Up until now, the considered response to the growing clamour for Matt Healy's international inclusion has been to point out what the Connacht flyer cannot do. After his virtuoso performance in Grenoble, the focus for Joe Schmidt must now be firmly on what he can.

By his own admission, the 27-year-old was not flawless at the Stade des Alpes where he made just his second appearance at full-back in a career that has taken time to hit these heights.

As Bernard Jackman recalled, the winger was a star on the DCU Force side he coached back in inter-varsity competition as recently as 2012.

Four years later, he is being described by his former mentor as a "viable candidate" for Ireland selection.

In France, Healy was electric with ball in hand; creating three tries with his running angles and speed, while also burning Springbok Gio Aplon to cross for his own score.

It was a devastating return for a player who only ran with the ball six times over the course of the 80 minutes and, while he has work to do under the high ball, there has to be room in the national team for a player of such unique attacking gifts.

Healy got some belated recognition from Schmidt at the tail end of the Six Nations when he trained with the Ireland squad at Carton House on the last day in Kildare before the campaign concluded. He has previously been part of the Emerging Ireland squads and is on the radar.

The Ireland coach famously demands certain things from his wingers and Healy does not appear to tick the boxes of a Schmidt-style wide-man, yet Ireland's attacking plan appeared to shift as the Six Nations progressed and the capacity of the ex-Lansdowne wing to find holes in opposition lines must surely be worth trying out at the highest level.

A student of Super Rugby, the New Zealander will have watched the emergence of the Chiefs' Damian McKenzie this season. Despite being just 5ft 7ins and 12 stone 7lbs, the 20-year-old full-back has been the outstanding player in this year's tournament and is likely to see All Black action before long.

McKenzie is a special talent, but his ability to thrive in the land of giants shows that size doesn't always matter.
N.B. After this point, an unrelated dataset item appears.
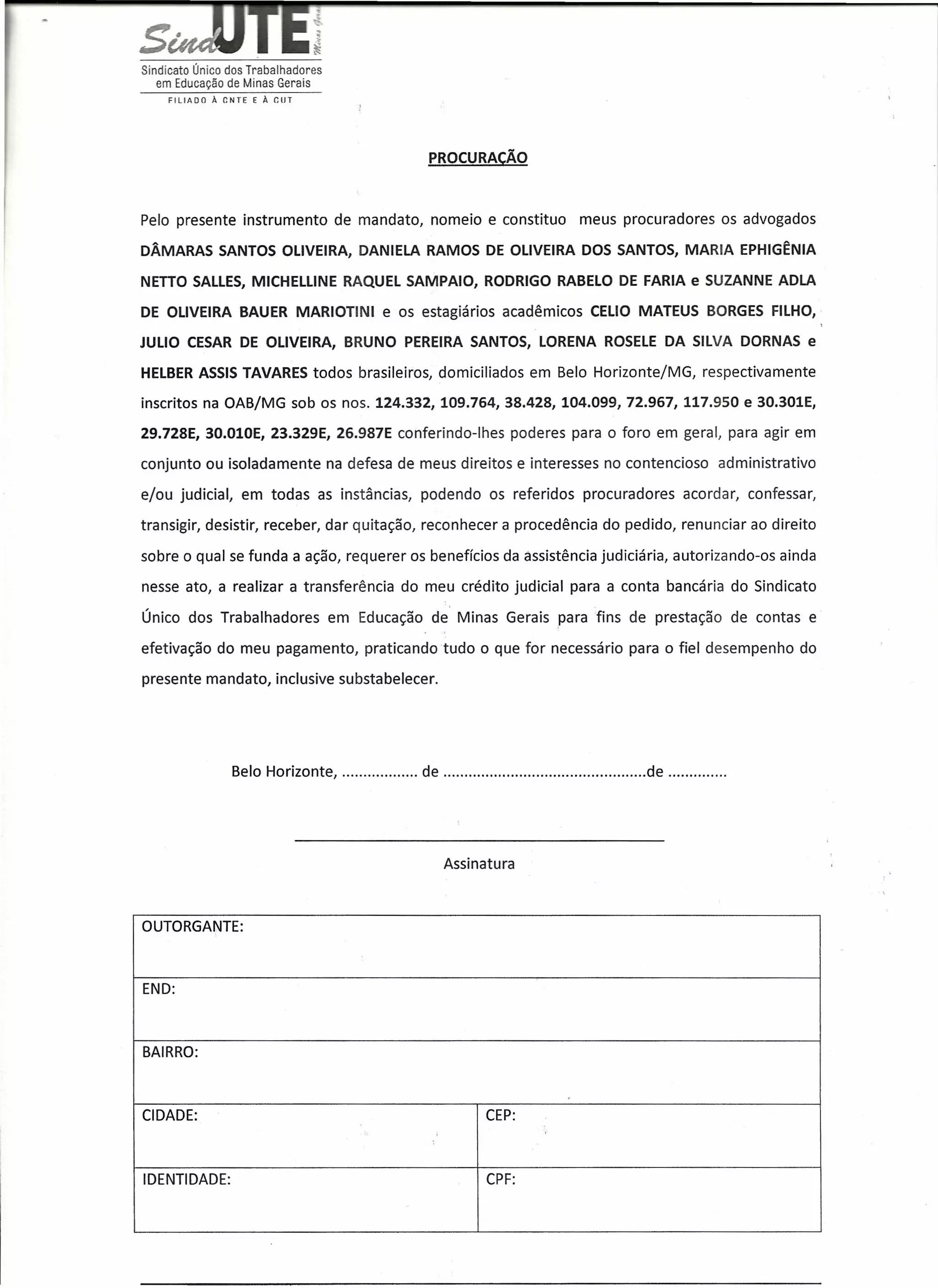Este documento é uma procuração concedida pelo Sindicato Único dos Trabalhadores em Educação de Minas Gerais a vários advogados e estagiários para representá-los em processos judiciais e administrativos, autorizando-os a realizar acordos, transações e transferências bancárias relacionadas aos processos.

Healy doesn't have the physical stats of his Ireland rivals, but he Guinness Pro12's top try-scorer possesses attacking threats that few other Irish players possess.

"It was really enjoyable," Healy said of his brief involvement with Ireland.

"It gives me confidence that I might be doing things right. But I know certainly from that performance against Grenoble I am going to have to lift it in the next few weeks. There are definitely a few work-ons. So if I am called on again I am going to have to address that. I was in there for a night and a training session. It was just all about preparing those guys for the Scotland game. Joe and I had a brief chat leaving on the Thursday but nothing since.

"There are definitely a few things that I need to work on. Consistency being one, I said that from day one. I need to brush up on a few things. Hopefully if I address them and perform consistently, performing consistently well, hopefully that call comes."

Saturday's meeting with Munster opens up another opportunity to put himself in the shop window.

"We try and play an expansive game, and we try heads-up rugby," Healy said. "That's exactly how we played against Grenoble, we just coughed the ball up in certain areas. We are going to have to tighten up on that, and they are things we are going to have to work on this week.

"We are holding our heads high after losing, but feeling it in the belly. That will definitely drive us into this week for Munster."